Trata-se de questões que radicam em entendimentos divergentes na jurisprudências, nas Relações, e, ainda, nomeadamente, do Supremo Tribunal de Justiça, nos termos que se irão expor.
- ( Indo limitar-se a presente decisão, tão só, e atento o concreto objecto factual em apreciação, ao que se refere a unidades independentes, distintas e isoladas entre si, com saída própria para uma parte comum do prédio ou para a rua, nomeadamente “Boxes).
1. Relativamente à aquisição pelo Réu, por usucapião, do indicado espaço- garagem - foi declarado na sentença, nos termos acima indicados, que “Perante a factualidade dada como provada, dúvidas não poderão restar, pois, de que a posse do R. relativamente à dita garagem cumpre os requisitos da aquisição por usucapião.”
Nestes termos, beneficiando a decisão o Réu apelante na parte relativa ao reconhecimento de que a referida garagem, que integra a fracção autónoma designada pelas letras AT, pertença dos Autores, que vem sendo ocupada pelo Réu, lhe pertence, tendo-a adquirido por usucapião, em via de recurso está esta matéria excluída do objecto de discussão em virtude da aplicação do Princípio da Proibição da Reformatio in Pejus que vigora no direito processual civil.
Relativamente ao Princípio de Proibição da Reformatio in Pejus, traduzindo-se este na proibição de o julgamento do recurso agravar a posição do recorrente, tornando-a pior do que seria se ele não tivesse recorrido (A. Reis, in Código de Processo Civil, anotado, Vol. V, pg. 311, com referência e citando Prof.

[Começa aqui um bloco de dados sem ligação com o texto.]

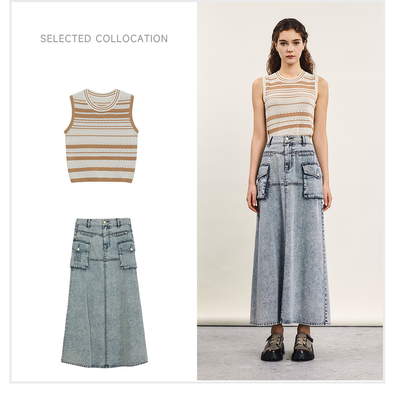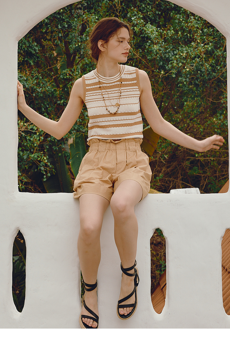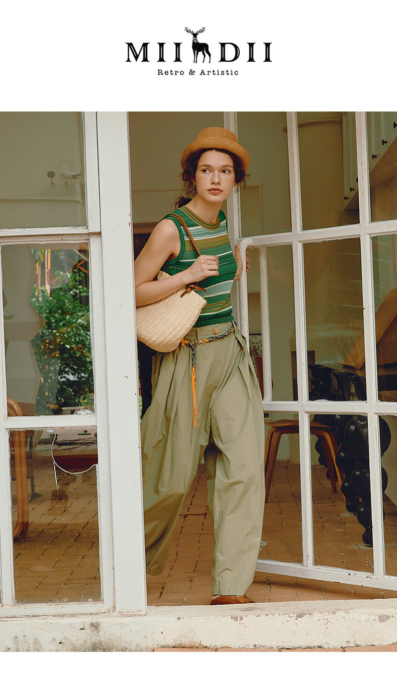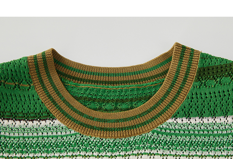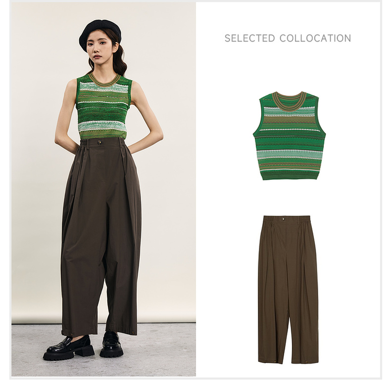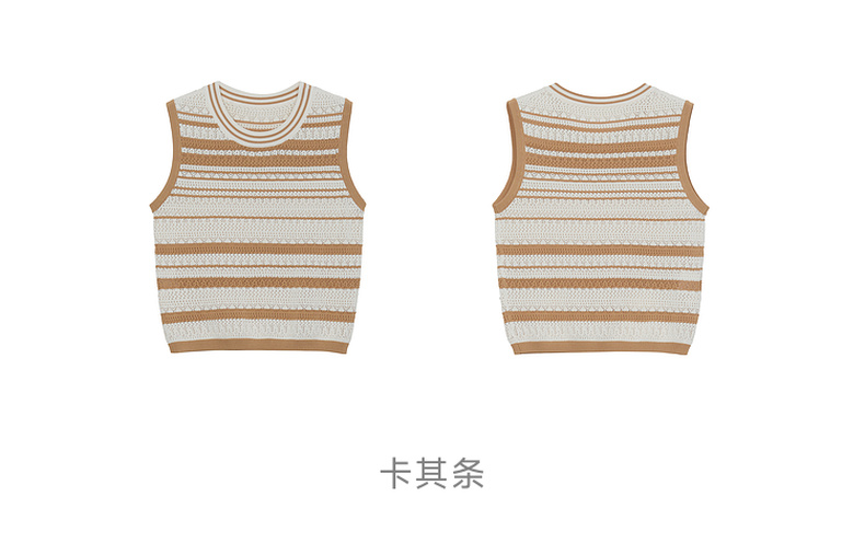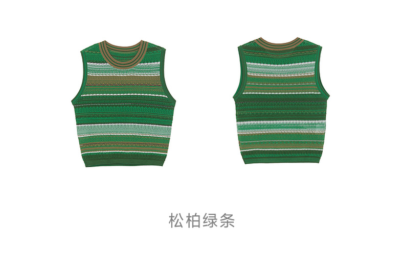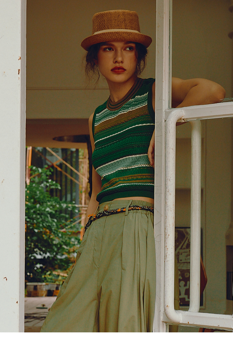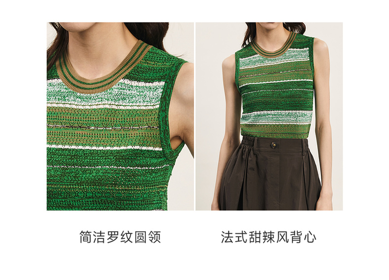 谜底套头针织衫无袖女2024夏款复古文艺风圆领条纹背心242MZ0854
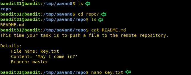 mkdir /tmp/pavan8 cd /tmp/pavan8 git clone ssh://bandit31-git@localhost/home/bandit31-git/repo
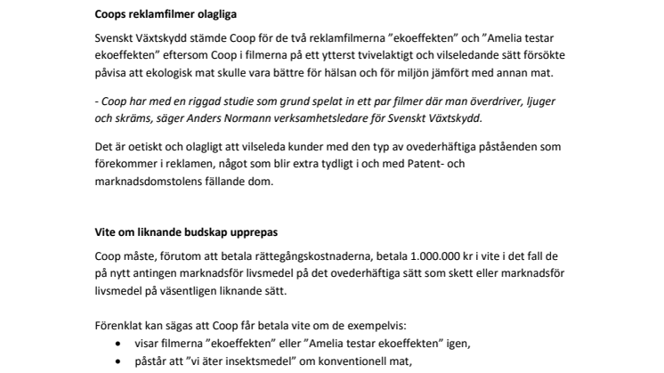 Svenskt Växtskydd stämde Coop för de två reklamfilmerna ”ekoeffekten” och ”Amelia testar ekoeffekten” eftersom Coop i filmerna på ett ytterst tvivelaktigt och vilseledande sätt försökte påvisa att ekologisk mat skulle vara bättre för hälsan och för miljön jämfört med annan mat.
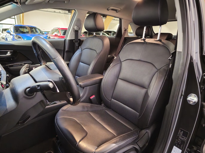 In de Kia Niro heeft uw veiligheid en die van uw omgeving prioriteit. Dat de auto steeds meer taken van de bestuurder overneemt, merkt u bijvoorbeeld aan het systeem voor verkeersbord-detectie in deze Kia. Een camera houdt de juiste koers binnen de rijstrook in de gaten en het Lane-keeping systeem corrigeert bij afwijkingen. De veiligheid van deze auto wordt verder verhoogd door dodehoekdetectie, hill hold functie, autonoom remsysteem en bandenspanningcontrolesysteem.
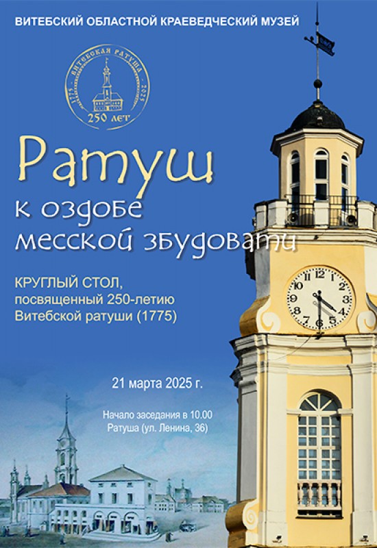 21 марта в Витебском областном краеведческом музее состоится круглый стол «Ратуш к оздобе месской збудовати», посвященный 250-летию Витебской ратуши (1775).

Andrade), o que se traduz, no caso sub judice, na impossibilidade de se discutir a invocada aquisição da garagem da fracção dos Autores pelo Réu, por usucapião, tendo sido esta declarada na sentença, nos termos acima expostos (e, muito embora não conste do dispositivo).
Nestes termos, e tendo em atenção o pedido reconvencional formulado nos autos, designadamente, tendo sido pedido o reconhecimento de que a referida garagem pertence ao Réu, podendo este retificar o título de propriedade horizontal em conformidade (al.b), e, a condenação dos Autores a absterem-se de praticar qualquer acto que impeça ou diminua a utilização por parte do Réu daquela garagem (al.c)), deverá, no âmbito do presente recurso, ser decidido se tal aquisição por usucapião pelo Réu da garagem que integra a fracção autónoma designada pelas letras AT, pertença dos Autores, deverá vir a ser declarada em sede de procedência do pedido reconvencional, como pretende o apelante, e quais os legais efeitos da mesma decorrentes.
2. A propriedade horizontal vem regulada nos artigos 1414º e seguintes do Código Civil, traduzindo-se num direito real autónomo, de que podem ser objecto partes de edifícios, concretamente, fracções autónomas que constituam unidades independentes, distintas e isoladas entre si, com saída própria para uma parte comum do prédio ou para a ruacaracterização que respeitam, in casu, para além da fracção autónoma de cada uma das partes, Autores e Réu, as respectivas garagens pois se trata de “boxes” com autonomia e saída própria para a via pública (cfr. factos provados nº 16 a 18).
Nos termos do artigo 1420º, do citado código, sendo os respectivos titulares proprietários exclusivos das fracções autónomas e comproprietários das demais partes comuns.
Dispõe o artigo 1417º, do citado código, que “A propriedade horizontal pode ser constituída por negócio jurídico, usucapião, decisão administrativa ou decisão judicial, proferida em acção de divisão de coisa comum ou em processo de inventário”.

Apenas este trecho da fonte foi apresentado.